The liquid O2 and the liquid H need to be heated before it can burn. I believe that if the temps are stabilized at liftoff, then any heating from the aerodynamic friction can be figured into the equation. What happened here is a vendor sold a bill of goods regarding the insulation and then the design got frozen and then the design guys started inventing potential benefits from the existing solution. One, the liquid fuel tanks have to be insulated while the shuttle is waiting indefinitely for flight after fueling. This requirement should have been satisfied with a terrestrial based system not intended for flight. The aerodynamic heating issues should have been worked into the liquid heating portion of the thermodynamic equation of heating the liquid fuels up to combustion temps. As for the insulation from the heat of the main shuttle engines, well, that consideration is aft of any risk of parts hitting the shuttle. Once again, I believe that this is a case of designs being locked in based on poor engineering. Sort of how the social programs get refunded year after year but that is a different post...

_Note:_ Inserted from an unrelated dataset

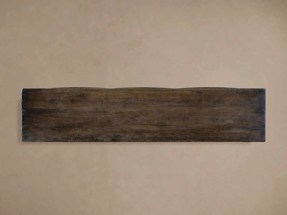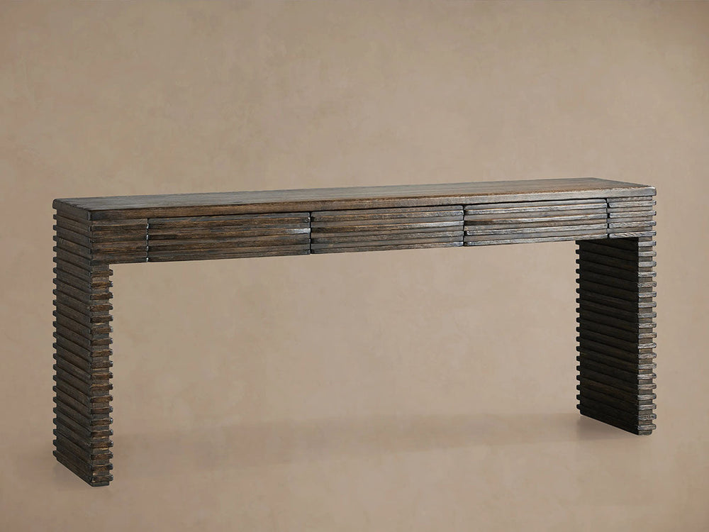 Embrace the warmth of reclaimed history with the Kai Console Table, an antique-inspired piece that celebrates authentic craftsmanship and sustainable design. Handcrafted by skilled Chinese artisans from solid reclaimed pine, this textural console showcases a distinctive slatted design that creates captivating light and shadow play. The rich Dhurrie Brown finish is meticulously hand-stained and distressed to highlight the wood's natural character, with each piece revealing unique variations in grain, texture, and the beautiful markings of its previous life.

I agree whole heartedly that the freon issue should have not applied to the shuttle. If indeed the old freon worked for the aforementioned application, only a bunch of tree hugger engineers would have put our astronauts safety second and excluded the limited use of a process being phased out over time anyway. Plus, I am quite sure that China and every other viable 21th century competitor would still use the freon if they wanted...


Dan from Madison said...

Well, we just have to agree to disagree on some of the points. The boiling point of Hydrogen is negative 423.17 degrees F. The boiling point of Oxygen is negative 297.3 degrees F. So, if we are, in fact going to use a design such as the Space Shuttle that uses liquid fuels the tank must be insulated. The outer boosters of course use solid fuels. The way that the large liquid tank was insulated is obviously the issue here. I personally think it would be impossible to figure the heat from aerodynamic friction into the actual heating equation for the H and the O - every day and in fact every minute the atmosphere changes ever so slightly with the humidity levels, temps, etc. I think the point that we are both trying to make in this comments section is valid - that the Space Shuttle is old and has served it's time.